Repeat the following entries verbatim, apart from the pictures.

Top of Extracted records

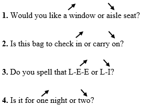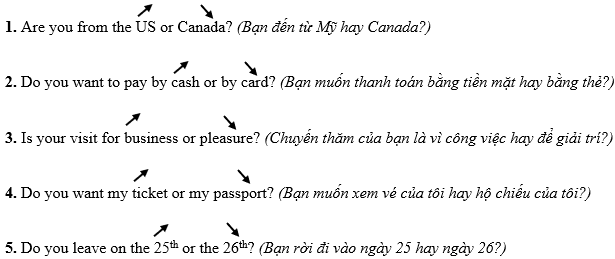 (Khi chúng ta đặt câu hỏi mà có hai lựa chọn, chúng ta sử dụng ngữ điệu tăng và giảm. Ngữ điệu tăng ở lựa chọn đầu tiên và giảm ở lựa chọn thứ hai.)
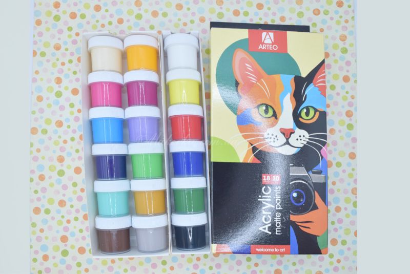 Набір акрилових фарб Arteo , які чудово підійдуть для малювання та розмальовування, для декорування поверхонь при декупажі, скрапбукінгу тощо. Фарба у невеликій баночці з пластиковою кришкою. Можна фарбувати картон, папір, дерево, фанеру, МДФ тощо
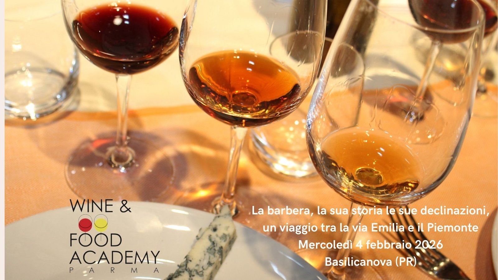 Proseguono gli eventi della Wine and Food Academy 2025/2026 con “La barbera, la sua storia le sue declinazioni, un viaggio tra la via Emilia e il Piemonte”. Degustazioni, cultura e beneficenza per sostenere le scuole di Padre Paolino in Uganda.
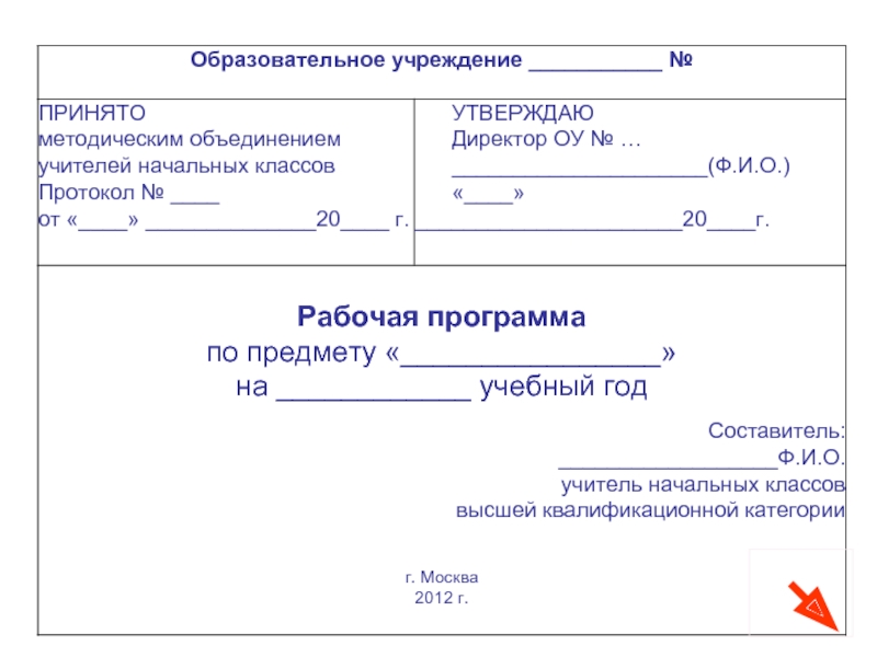 СТРУКТУРА РАБОЧЕЙ ПРОГРАММЫ (ВАРИАНТ)
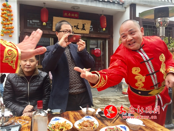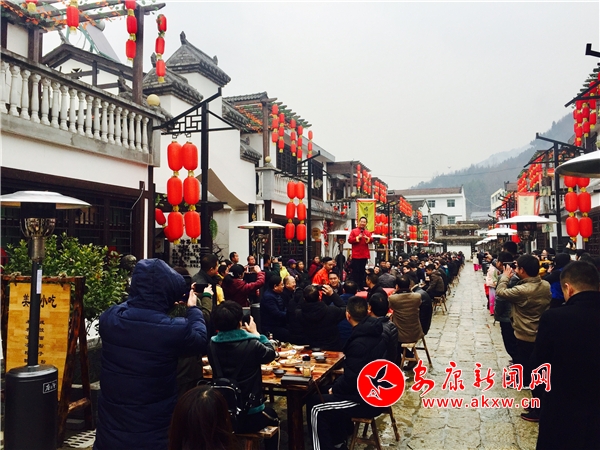 安康新聞網(wǎng)訊(記者張喬) 12月28日,石泉縣后柳鎮(zhèn)長街上,32桌庖湯宴開席,游客和當(dāng)?shù)厝艘黄鸩氯、喝酒、吃肉,提前享受濃濃的年味。這只是2019年石泉庖湯會(huì)的預(yù)演,2019年1月12日(臘月初七)石泉第七屆漢水庖湯會(huì)將正式開吃。
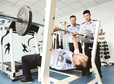 7月18日,东城公安分局前门派出所民警鲁玉梅,刚刚执行完任务返回所里,利用短暂的休息时间来到二楼的民警“休闲驿站”,她先是上网查看当日的时事新闻,然后到书柜前查找自己喜爱的书籍,她把读到的要点记下来,在休闲驿站里与同事们分享自己的读书心得……
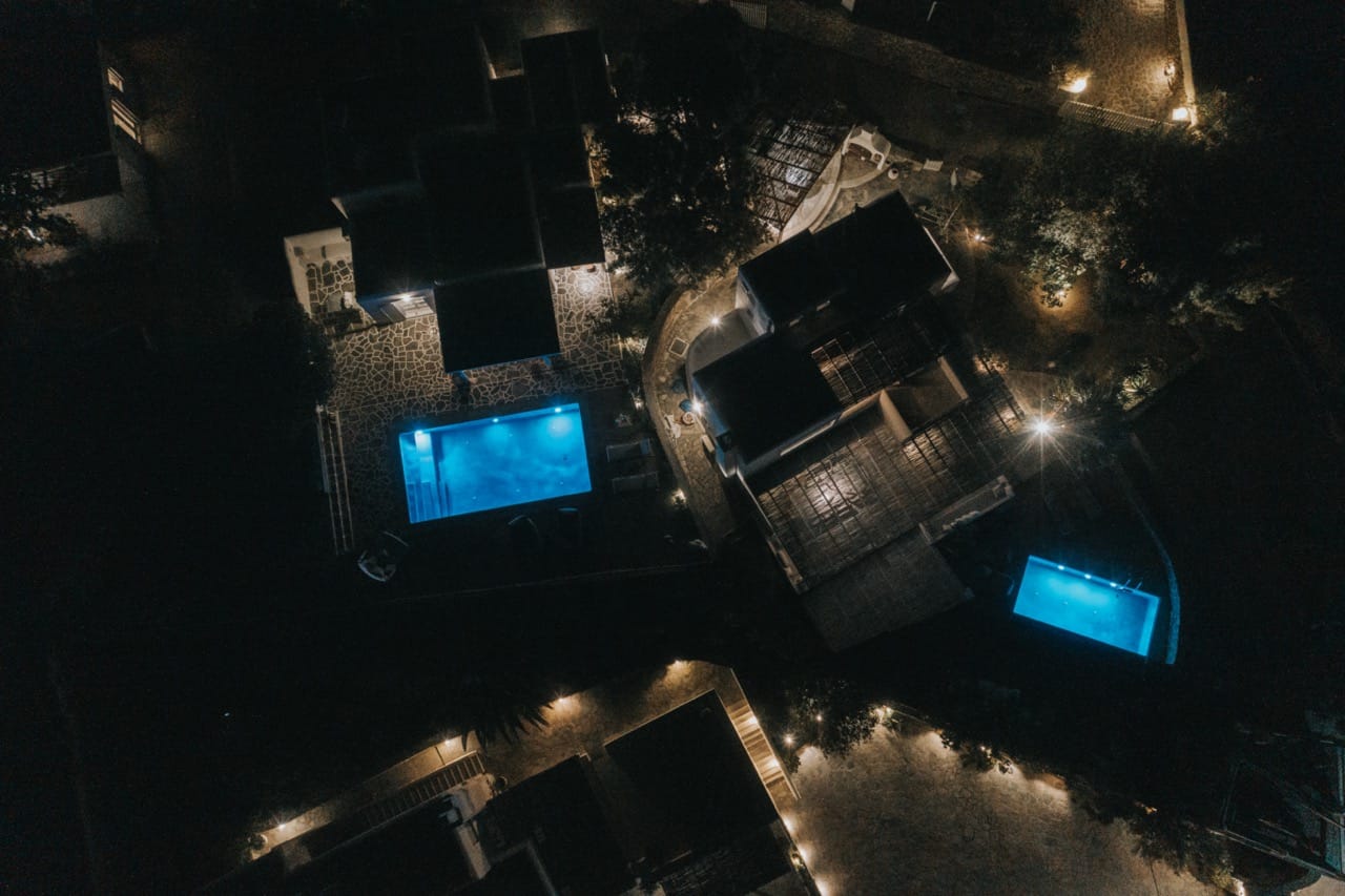 The villa consists of two buildings, the main building, and a guest house, and can comfortably accommodate 10 guests in 4 bedrooms. The main building offers three stunning bedrooms, a living room, a dining area, and a separate fully equipped kitchen. The guest house is located just 15 meters from the main building and features a spacious Queen size bed, an open plan fully equipped kitchen, and a separate bathroom.
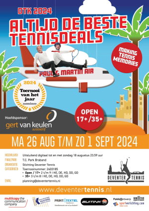 Alweer de 52e editie van het DTK tennistoernooi! Van maandag 26 augustus t/m zondag 1 september zijn de Autobedrijf Gert van Keulen Deventer Tenniskampioenschappen (DTK). Het zal ongetwijfeld weer een mooie editie worden.
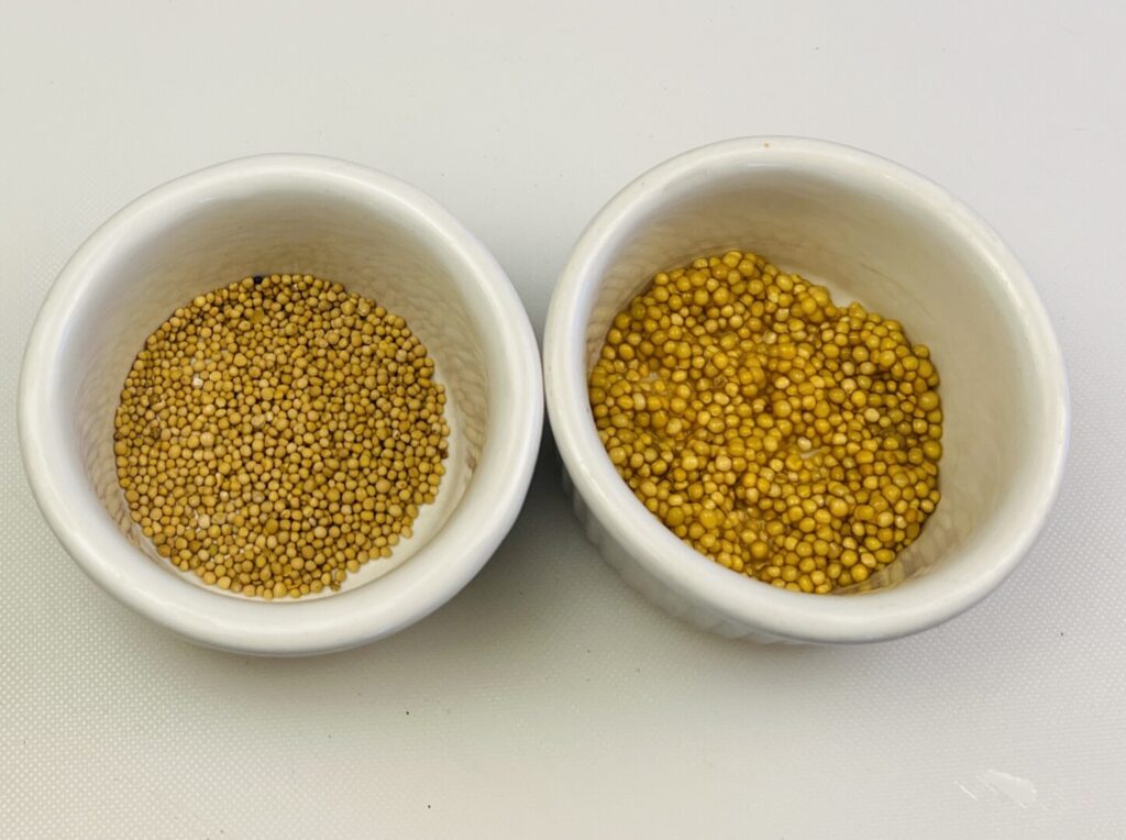 - Bring about a cup of water to the boil. Place the mustard seeds in a small bowl and then pour the boiling water over them. Soak for about 30 minutes and then drain off the water.
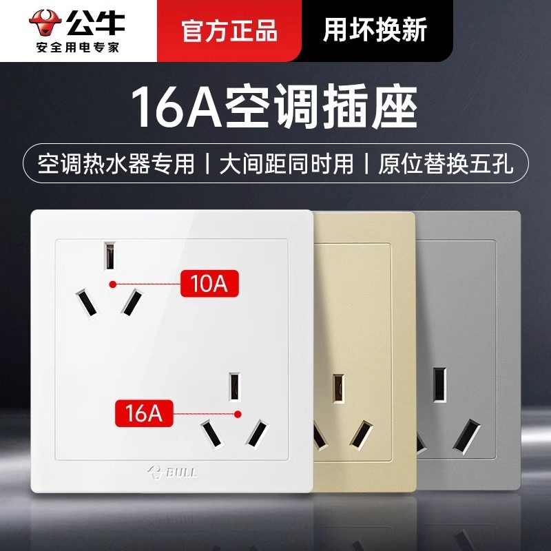 📚 公牛六孔插座86型家用无框10a暗装嵌入式双三孔16安大功率空调插
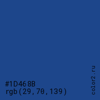 Цвет #1D468B в цветовой модели RGB обозначается тремя октетами (29, 70, 139) в десятичном формате и #1D468B в шестнадцатиричном (hex) формате, которые являются интенсивностью красного 29 (hex 1D), интенсивность зелёного 70 (hex 46) и интенсивность синего 139 (hex 8B).
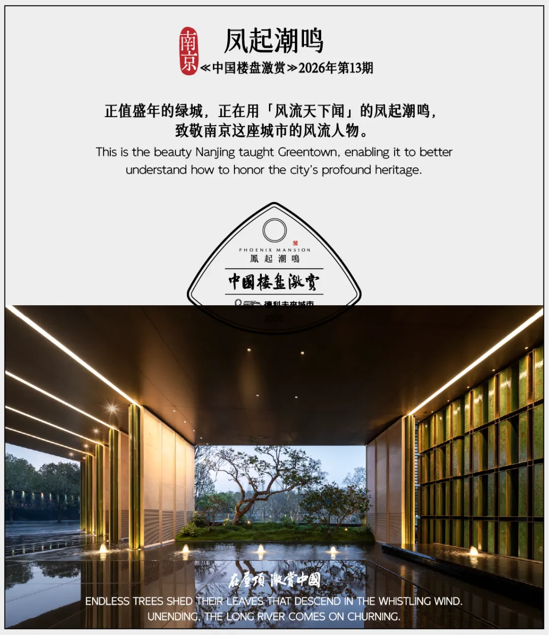 南京教给绿城的美,让绿城更懂如何去致敬中外闻名的南京大报恩寺琉璃塔,致敬李白诗中的金陵凤凰台,致敬李渔的南京芥子园。绿城眼中的南京,就如同李白眼中“风流天下闻”的孟浩然;正值盛年的绿城,正在用“风流天下闻”的凤起潮鸣,致敬南京这座城市的风流人物。
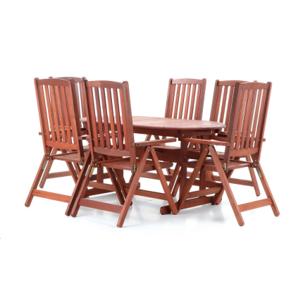 Záhradná zostava: 6 polohovateľných stoličiek + rozkladací stôl, konštrukcia z dreva meranti,...

Bottom of Extracted records

#### Problem solution
 (Khi chúng ta đặt câu hỏi mà có hai lựa chọn, chúng ta sử dụng ngữ điệu tăng và giảm. Ngữ điệu tăng ở lựa chọn đầu tiên và giảm ở lựa chọn thứ hai.)
 Набір акрилових фарб Arteo , які чудово підійдуть для малювання та розмальовування, для декорування поверхонь при декупажі, скрапбукінгу тощо. Фарба у невеликій баночці з пластиковою кришкою. Можна фарбувати картон, папір, дерево, фанеру, МДФ тощо
 Proseguono gli eventi della Wine and Food Academy 2025/2026 con “La barbera, la sua storia le sue declinazioni, un viaggio tra la via Emilia e il Piemonte”. Degustazioni, cultura e beneficenza per sostenere le scuole di Padre Paolino in Uganda.
 СТРУКТУРА РАБОЧЕЙ ПРОГРАММЫ (ВАРИАНТ)
 安康新聞網(wǎng)訊(記者張喬) 12月28日,石泉縣后柳鎮(zhèn)長街上,32桌庖湯宴開席,游客和當(dāng)?shù)厝艘黄鸩氯、喝酒、吃肉,提前享受濃濃的年味。這只是2019年石泉庖湯會(huì)的預(yù)演,2019年1月12日(臘月初七)石泉第七屆漢水庖湯會(huì)將正式開吃。
 7月18日,东城公安分局前门派出所民警鲁玉梅,刚刚执行完任务返回所里,利用短暂的休息时间来到二楼的民警“休闲驿站”,她先是上网查看当日的时事新闻,然后到书柜前查找自己喜爱的书籍,她把读到的要点记下来,在休闲驿站里与同事们分享自己的读书心得……
 The villa consists of two buildings, the main building, and a guest house, and can comfortably accommodate 10 guests in 4 bedrooms. The main building offers three stunning bedrooms, a living room, a dining area, and a separate fully equipped kitchen. The guest house is located just 15 meters from the main building and features a spacious Queen size bed, an open plan fully equipped kitchen, and a separate bathroom.
 Alweer de 52e editie van het DTK tennistoernooi! Van maandag 26 augustus t/m zondag 1 september zijn de Autobedrijf Gert van Keulen Deventer Tenniskampioenschappen (DTK). Het zal ongetwijfeld weer een mooie editie worden.
 - Bring about a cup of water to the boil. Place the mustard seeds in a small bowl and then pour the boiling water over them. Soak for about 30 minutes and then drain off the water.
 📚 公牛六孔插座86型家用无框10a暗装嵌入式双三孔16安大功率空调插
 Цвет #1D468B в цветовой модели RGB обозначается тремя октетами (29, 70, 139) в десятичном формате и #1D468B в шестнадцатиричном (hex) формате, которые являются интенсивностью красного 29 (hex 1D), интенсивность зелёного 70 (hex 46) и интенсивность синего 139 (hex 8B).
 南京教给绿城的美,让绿城更懂如何去致敬中外闻名的南京大报恩寺琉璃塔,致敬李白诗中的金陵凤凰台,致敬李渔的南京芥子园。绿城眼中的南京,就如同李白眼中“风流天下闻”的孟浩然;正值盛年的绿城,正在用“风流天下闻”的凤起潮鸣,致敬南京这座城市的风流人物。
 Záhradná zostava: 6 polohovateľných stoličiek + rozkladací stôl, konštrukcia z dreva meranti,...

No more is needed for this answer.